Compressed gases can be toxic, flammable, oxidizing, corrosive, and inert or they may possess combinations of these hazards. Besides their chemical hazards, compressed gases are rather pressurized. The amount of energy in a compressed gas cylinder makes it a potential rocket. It is of essential importance to handle and use compressed gas cylinders appropriately.

Hazards

Following risks of hazards should be kept in mind while handling, working with storing compressed gases:

  • Asphyxiation: This is the most important hazard associated with inert gases. These gases may easily leak into atmosphere and rapidly reduce the oxygen amount below minimum oxygen concentration for human breathing. Since they are colorless and odourless, it is hard to detect the leak. An equipment to monitor oxygen level should always be carried while working with inert gases in enclosed areas.
  • Fire and Explosion: This is the most important hazard associated with flammable gases such as oxygen and oxidizers. Static electric or a heat source such as flame or a hot object can ignite flammable gases. Although oxygen or oxidizing agent does not burn, they start a combustion reaction with organic materials. The rate of this combustion reaction enhances as the amount of oxidizers in the reaction medium increase. In addition, non-flammable materials may also burn in an oxygen-enriched medium.
  • Chemical Burns: Corrosive gases can chemically attack various materials, including fire-resistant clothing. They may rapidly destruct skin and eye tissue. Some gaseous substances that are normally non-corrosive may become extremely dangerous in the presence of moisture, even in a very small amount.
  • Chemical Poisoning: This is the most important hazard associated with toxic gases. A short-time exposure to these gases may result in severe injuries of poisoning, even in very small concentrations. Symptoms of exposure may not be acute, delayed symptoms are more likely to be observed.
  • High Pressure: Since the containers/cylinders of compressed gases are in high levels of pressure, they are potentially hazardous. A sudden release of pressurized gas, by means of propelling a cylinder or whipping a line, may cause several injuries.
  • Cylinder Weight: A full size cylinder may weigh more than 58 kg. Manual movement of a cylinder, including dropping and dragging may cause injuries concerning back, spinal cord or muscles.

Handling Precautions

  • Do not drop, drag or slide cylinders. Even for short distances a suitable hand truck or a chain-equipped-cart should be used and cylinders must be belted to secure the cylinder to the cart.
  • Do not permit cylinders to strike each other violently. Cylinders are not intended to use as rollers to move other materials or equipment.
  • Cylinder caps protect the valve on top of the cylinder from damage, therefore they should be kept on cylinder until it has been secured and the regulator has installed. Securing may be done against a wall or bench or by placing in a cylinder stand.
  • Do not tamper with pressure relief devices in valves or cylinders.
  • Only the wrenches or tools provided by the cylinder supplier should be used to remove a cylinder cap or to open a valve. Do not use a screwdriver or pliers.
  • If the cylinder is not in use, keep the cylinder valve closed all the time.
  • Place cylinders in a position that the cylinder valve is accessed easily.
  • Compressed gases should only be used in well-ventilated areas. Toxic, flammable and corrosive gases should be kept in a hood or gas cabinet and be handled carefully. Containment systems should be proper to use and there should be only necessary amount of these products kept in the working area.
  • A trap or a suitable check valve should be used upon discharging gas into a liquid to prevent liquid from escaping back into the cylinder or regulator.
  • Label gas lines if more than one type of gas is in use. This is particularly important when the gas supply is not in the same room or area as the operation using the gases.
  • Do not use the cylinder valve itself to control flow by adjusting the pressure.

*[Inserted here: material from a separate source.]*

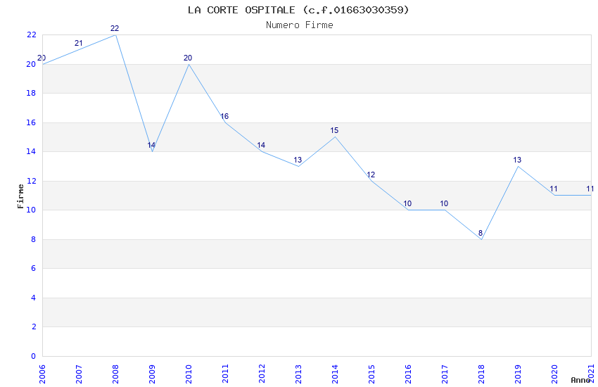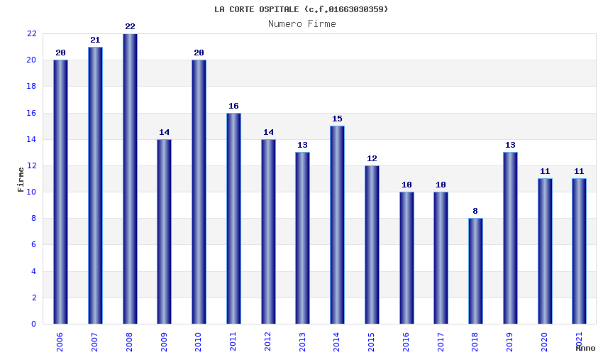 | Anno | Firme | Importi | Media | Naz. | Reg. | Prov. | Comu. |

Storage of Compressed Gas Cylinders

  • Secure all cylinders against to a wall, bench or fixed support via a chain or strap placed 2/3 of the way up. As an alternative to straps, cylinder stands can be used.
  • Keep the cylinders strapped individually.
  • Full and empty cylinders should not be stored together.
  • Store oxidizers and flammable gases in areas separately at least 6 m. by a non-combustible wall.
  • Do not store cylinders close to heat sources including radiators. Protect cylinders from weather differences if you store cylinders outdoor and damp ground to prevent corrosion.
  • Cylinders should not be subjected to temperatures higher than 51 °C. Never permit a flame to come in contact with any part of a compressed gas cylinder.
  • Cylinders should not be placed where they may become part of an electric circuit.
  • Minimum number of cylinders should be kept in a laboratory in order to reduce the risk of fire and toxicity hazards.
  • Cylinder should be properly and prominently labelled as to its contents.
  • NEVER place acetylene cylinders on their side.

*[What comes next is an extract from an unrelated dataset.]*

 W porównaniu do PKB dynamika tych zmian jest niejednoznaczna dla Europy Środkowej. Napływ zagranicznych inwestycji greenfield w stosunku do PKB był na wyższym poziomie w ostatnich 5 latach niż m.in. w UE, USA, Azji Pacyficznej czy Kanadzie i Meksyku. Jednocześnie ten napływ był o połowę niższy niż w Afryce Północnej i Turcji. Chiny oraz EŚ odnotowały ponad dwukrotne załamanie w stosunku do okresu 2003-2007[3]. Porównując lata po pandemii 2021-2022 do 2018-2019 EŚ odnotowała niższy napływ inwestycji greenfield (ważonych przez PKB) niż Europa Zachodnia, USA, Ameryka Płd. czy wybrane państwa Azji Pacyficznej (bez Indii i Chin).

Using Compressed Gas Cylinders

SDSs, along with label information, of the gas being used should be carefully read prior to use. The cylinder valve outlet connections are intended to prevent incompatible gases from mixing. The outlet threads vary in diameter i.e., some are internal and some are external while some are right-handed and some are left-handed. Right-handed threads are generally used for fuel gases. Follow the steps below to set up and use the cylinder:

  • Closed regulators should be attached to cylinders. Unless the regulator is completely closed, do not open a cylinder valve. Note that regulators are gas-specific; therefore they are easily attached to appropriate gas cylinders. Do not force the threads to attach a regulator to a cylinder. Do not force a regulator to attach if the inlet of it does not fit the outlet of cylinder. If the fit is poor, it indicates that the regulator is not intended for the gas cylinder being attached.
  • Turning the delivery pressure by adjusting screw counter-clockwise until it turns freely prevents unintended gas flow into the regulator.
  • Open the cylinder slowly until the inlet gauge on the regulator registers the cylinder pressure. The cylinder valve may be leaking if the pressure read is lower than expected.
  • Turn the delivery pressure adjusting screw clockwise until the required delivery pressure is reached while the flow control valve at the regulator outlet is closed.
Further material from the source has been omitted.